Bagikan:

JAKARTA - Kasus anemia pada kalangan remaja putri di Kabupaten Karawang kini menjadi sorotan, usai laporan terbaru Dinas Kesehatan setempat yang mengungkap 8.800 remaja putri di sana mengidap anemia.

Diduga salah satu pemicu penyakit tersebut adalah kebiasaan mengonsumsi jajanan nutrisi rendah, seperti seblak.

Atas kasus tersebut, Kementerian Kesehatan (Kemenkes) RI, mengatakan bahwa seblak bukan menjadi faktor penyebab utama. Kemenkes menyoroti peran orangtua dalam membentuk pola makan sehat bagi anak-anak mereka.

“Memang ini masalah perilaku, seperti kebiasaan di rumah dan juga contoh dari orangtua,” kata Direktur Jenderal Kesehatan Primer dan Komunitas Kemenkes RI, Maria Endang Sumiwi, saat diskusi media di Kemenkes RI, Kuningan, Jakarta Selatan, pada Selasa, 21 Januari 2025.

Selain pola makan yang buruk di keluarga, pengaruh iklan jajanan instan dengan kepentingan komersial juga menjadi tantangan dalam membentuk kebiasaan makan di kalangan remaja. Pengaruh iklan jajanan cukup besar yang membuat remaja menjadi tidak menerapkan pola makan yang sehat.

“Termasuk kepentingan komersial yang memberikan iklan dan menjadi tandingan terhadap pola makan sehat,” tambahnya.
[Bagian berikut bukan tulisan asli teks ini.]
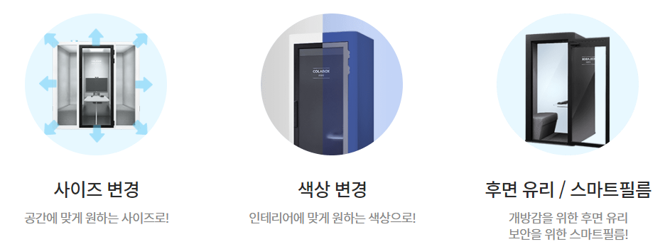 | 혼자만의 공간이 필요할 때, 조립식 방음부스 ‘COLABOX(1인부스, 폰부스,회의부스) (1) | 2024.12.06 |

Sementara itu, hasil Survei Kesehatan Indonesia tahun 2023 juga menyatakan pravalensi anemia pada remaja mengalami penurunan menjadi 16,3 persen. Meski demikian, Kemenkes tetap menilai angka tersebut masih tergolong tinggi dan membutuhkan intervensi lanjut agar penurunan berlanjut ke depannya.

Oleh karena itu, peran pemerintah dan kebiasaan masyarakat sangat penting untuk menurunkan kasus anemia di Indonesia. Mulai dari edukasi, pemberian tablet tambah darah di sekolah, hingga masyarakat harus memilih makanan bergizi untuk asupan sehari-hari.

“Pemerintah melakukan edukasi, pemeriksaan, suplementasi gizi, hingga pemberian makanan bergizi di sekolah. Dengan upaya ini diharapkan angka anemia pada remaja putri dapat terus menurun,” pungkas Maria.